The country has the world's fourth largest coal reserves. But a mixture of bureaucratic red tape, poor infrastructure, corruption and social unrest around the mine sites means the growth of the country's domestic coal-mining industry is not keeping pace with the demands of its rapidly expanding economy.

To overcome this, India's biggest energy producers, from Tata Power to state-run companies such as National Thermal Power Corp, are on the hunt for offshore assets.

The move, combined with a government initiative to secure overseas supplies of coking coal for the steel industry, signals the extension of strategic competition for resources between China and India to a new frontier beyond oil and gas for the first time.

If India is to sustain economic growth of 8 per cent a year, it will need to nearly double the capacity of its power industry from 135,000 MW today to 250,000 MW by 2015, according to Tata Power.

But India is already running a coal deficit, with coal demand last year for the steel and energy industries reaching 452m tonnes, of which 61m tonnes had to be imported.

By 2015, the country will be consuming about 800m tonnes of coal but will have to import more than a quarter of this, according to estimates from KPMG.

India's state coal mining behemoth, Coal India, is aiming to increase

domestic production but few believe it can achieve its aims.

"They have a plan to take production up to 750mt by 2012 but if they actually believe they can do that I think they are in denial," said Gerard McCloskey, chairman of the McCloskey Group, a research and news company specializing in the international coal market.

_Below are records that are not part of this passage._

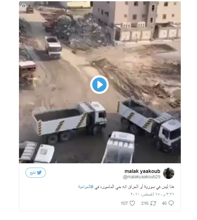 وكتب حساب باسم "ملاك يعقوب" على موقع التواصل الاجتماعي "تويتر" يقول: "هذا ليس في سوريا أو العراق إنه حي المسورة في العوامية".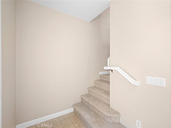 Welcome to your new sanctuary in Lake Elsinore! Nestled within the sought-after Vista Del Lago community, this exquisite two-bedroom, two-bathroom condominium is a rare find. Step into elegance through the inviting tile foyer complete with a generous coat closet. Going up a flight of stairs you will find a harmonious open layout featuring a dining area, living room, and kitchen adorned with stainless steel appliances, including a dishwasher, chic tile cabinets, and a convenient bar. All bedrooms are thoughtfully situated ensuring privacy and tranquility. A private balcony offers tantalizing glimpses of the majestic mountains and serene lake, enhancing your daily relaxation. Enjoy an abundance of natural light, ceiling fans, and captivating views of the picturesque foothills throughout the entire upstairs space. The expansive master suite boasts an en suite bathroom with a walk-in closet and dual vanity sinks, providing a tranquil retreat. For added convenience, an attached one-car garage with an included washer/dryer offers direct access to the condo, complemented by an extra parking space.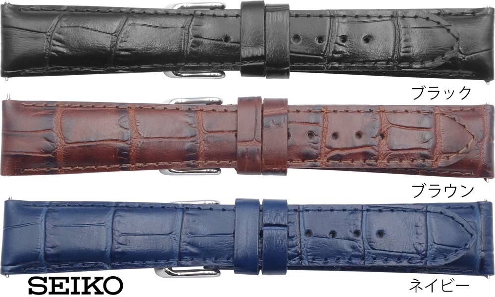 18mm 19mm 20mm セイコー SEIKO 腕時計 時計 ベルト RS01C カーフ 牛革 ワニタケフ型押 黒(ブラック) こげ茶(ブラウン) 紺(ネイビー) スマートチェンジ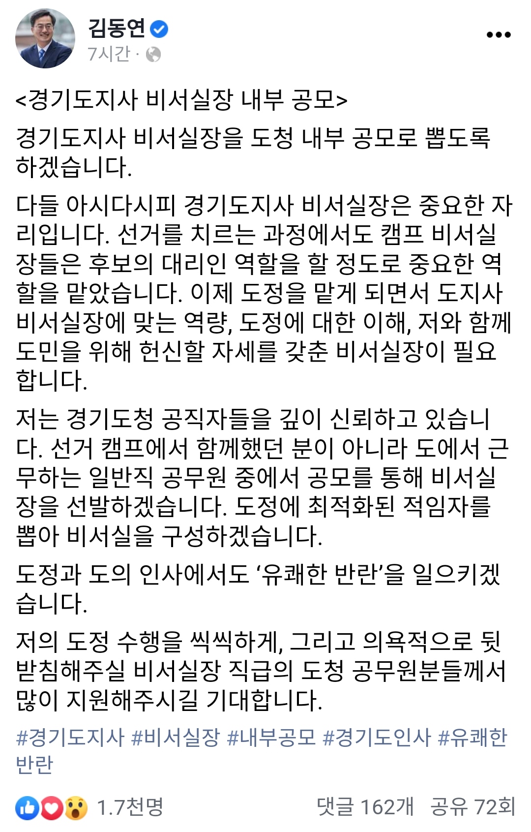 또 “경기도청 공직자들을 깊이 신뢰하고 있다. 선거 캠프에서 함께했던 분이 아니라 도에서 근무하는 일반직 공무원 중에서 공모를 통해 비서실장을 선발하겠다. 도정에 최적화된 적임자를 뽑아 비서실을 구성하겠다”고 밝혔다. 또 “도정과 도의 인사에서도 ‘유쾌한 반란’을 일으키겠다”고 덧붙였다.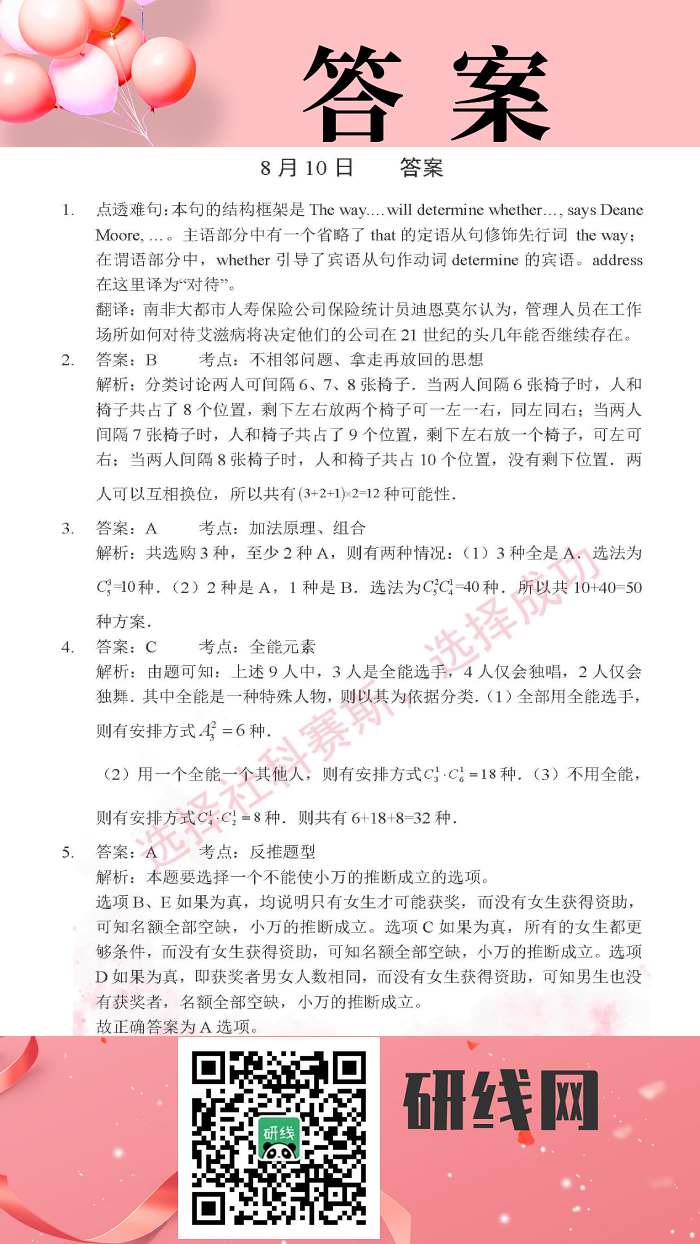 8月10日:2020考研管理類聯考每日一練以及答案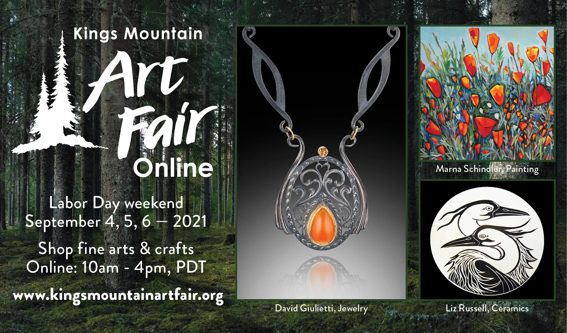 Join the Kings Mountain Art Fair, online on Labor Day weekend 2021! The fair offers fine arts and crafts by independent artists, selected through a jury process. You are invited to live chat with artists and shop their websites for extraordinary art. Join this experience by registering now or visit Labor Day Weekend. www.kingsmountainartfair.org. Proceeds support the Kings Mountain Volunteer Fire Brigade and the Kings Mountain Elementary School. The Fair is run 100% by local volunteers.

One of the biggest barriers facing India's coal industry is the accident of its geographic location in three of the country's most ungovernable states, Chattisgarh, Orissa and Jharkhand.

The coal beds are often in remote areas terrorized by ultra-left wing guerrilla groups or criminals known as the "coal mafia", who extract rent from mining operators. Then there is the problem of shifting the local population, many of whom are poor tribal people who have few skills other than subsistence farming.

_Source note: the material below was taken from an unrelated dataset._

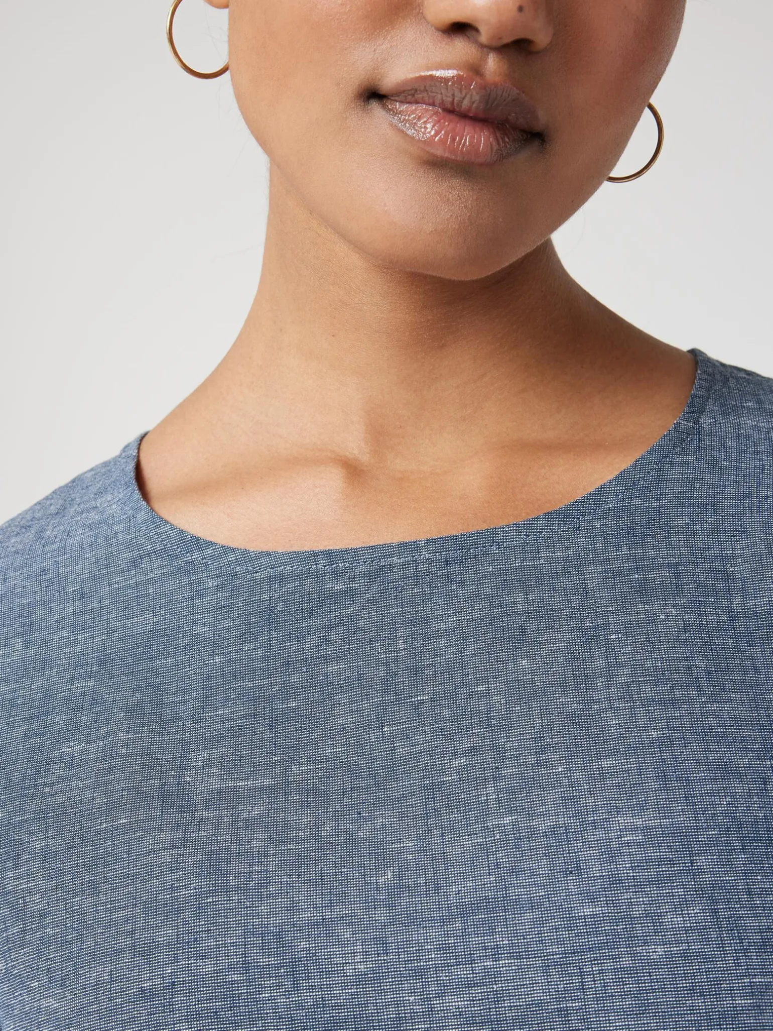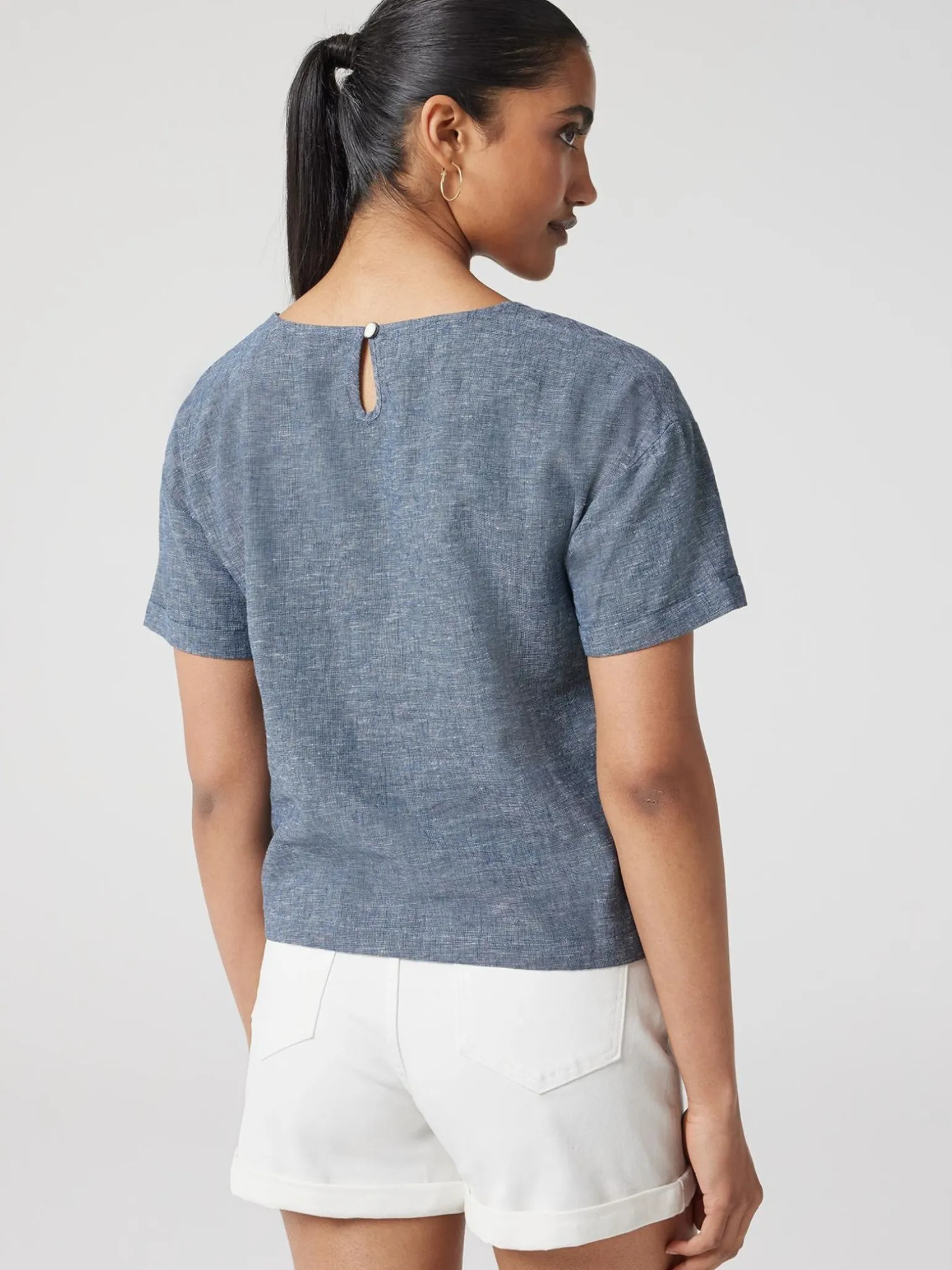 Crafted from a breathable linen blend fabrication, this classic, relaxed fit tee features a crew neckline, and short cuffed sleeves. Details like the side split and center back keyhole opening elevate the look.

"It's not like Queensland where there is just the odd dingo. Where coal is here you've got very large populations on top of them," says Mr McCloskey."

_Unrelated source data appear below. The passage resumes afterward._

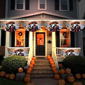 ליל כל הקדושים מאוורר דגל גבתון חיצוני דגל עבור חיצוני ליל כל הקדושים חצר גדר תלייה מפחיד דלעת באנר דגל שולחן עיצוב סתיו חדר עיצוב אסתטי ליל כל הקדושים מסיבת יום הולדת דקור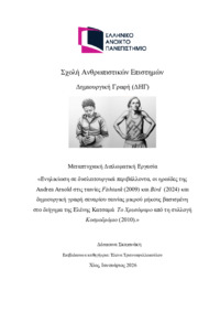 Περίληψη (Abstract): Η παρούσα διπλωματική εργασία με τίτλο «Ενηλικίωση σε δυσλειτουργικά περιβάλλοντα, οι ηρωίδες της Andrea Arnold στις ταινίες Fishtank (2009) και Bird (2024) και δημιουργική γραφή σεναρίου ταινίας μικρού μήκους βασισμένη στο διήγημα της Ελένης Κατσαμά Το Χρυσόψαρο από τη συλλογή Κοσμοδρόμιο (2010)» διερευνά την αποτύπωση των ηρωίδων των ταινιών Fishtank και Bird, δύο έφηβων ...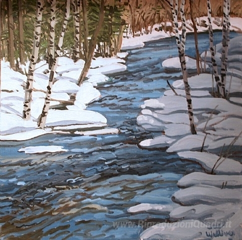 Ti offriamo una riproduzione artigianale su tela dell'opera famosa 'Studio per Blu Ducktrap' di Neil Welliver, dal Museo delle Riproduzioni.

Then there is official corruption and disputes over mine allocation between the state and central governments that can delay development of a mine site by a decade.

Mindful of this, the government has ordered that four new 4000MW power plants be built near ports so that they can use imported coal.

The government has also now sanctioned the establishment of a state investment vehicle to buy offshore coal blocks, mostly for coking coal for steel but also for thermal coal for the power industry.

The state-owned operators are looking in 12 countries, which aside from Indonesia and Australia, the two best-located markets for India, could include countries as far afield as Mozambique.

One of the first companies to look offshore was Tata Power, which earlier this year paid $1.1bn for stakes in two Indonesian coal blocks. Gujarat NRE Resources, another private sector operator, has also bought small mines in Australia.

But there is a sense that with the price of thermal coal soaring by up to 80 per cent, Indian companies may have left their overseas run a bit late.

"It's a question of finding the opportunities and prices have flared up so much," says Mr Charan.